ETA Consulting LLC Posted June 21, 2013 Posted June 21, 2013 There are withholding rules that apply when cash is received the distribution. I would, first, let the loan offset serve to satisfy the RMD. Good Luck! CPC, QPA, QKA, TGPC, ERPA
K2retire Posted June 21, 2013 Posted June 21, 2013 RMDs are not eligible for rollover, so no 20% withholding requirement.

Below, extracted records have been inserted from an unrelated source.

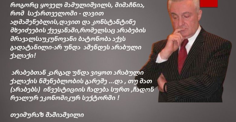 როგორც ყოველ მამულიშვილს,მეც როგორ მინდა,რომ საქართველოში – დავით აღმაშენებლის, დავით და კონსტანტინე მხეიძეების ქვეყანაში,რომელსაც არაბების მრავალსაუკუნოვანი ბატონობა აქვს გადატანილი-არ აშენდეს არაბული ქალაქი, რომ ვიყოთ არაბებთან კარგად არაბული ქალაქის მშენებლობის გარეშე …და , თუ ინვესტიციის ჩადება უნდათ,ჩადონ რეალურ ეკონომიკურ სექტორში !
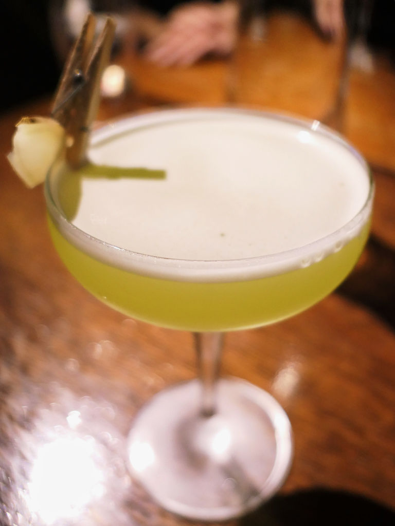 gin/chartreuse green/maraschino/apple shrub/bitters
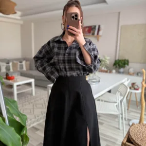 Modern kesimi ve zarif yırtmaç detayıyla dikkat çeken siyah uzun etek.

Rob P Posted June 21, 2013 Author Posted June 21, 2013 Thanks everyone for the comments, they are truly appreciated. Just as a follow-up on withholding. I agree that RMDs are not subject to the 20% withholding, but it is my understanding that distributions not eligible for rollover are subject to 10% withholding, unless the participant specifies not to withhold in writing. We usually give our participant’s a W4-P for good measure.
ETA Consulting LLC Posted June 22, 2013 Posted June 22, 2013 I was speaking to the RMD plus the loan offset being "taxable". In such instance, it would behoove the participant to allow the loan offset alone to satisfy the RMD. 20% withholding applies to the offset when cash is received from the distribution. Good Luck! CPC, QPA, QKA, TGPC, ERPA
Rob P Posted June 24, 2013 Author Posted June 24, 2013 Sorry, no insult intended. I guess it’s true when they say you’re as old as you feel. And after doing 8 hours of yard work yesterday, I feel elderly myself.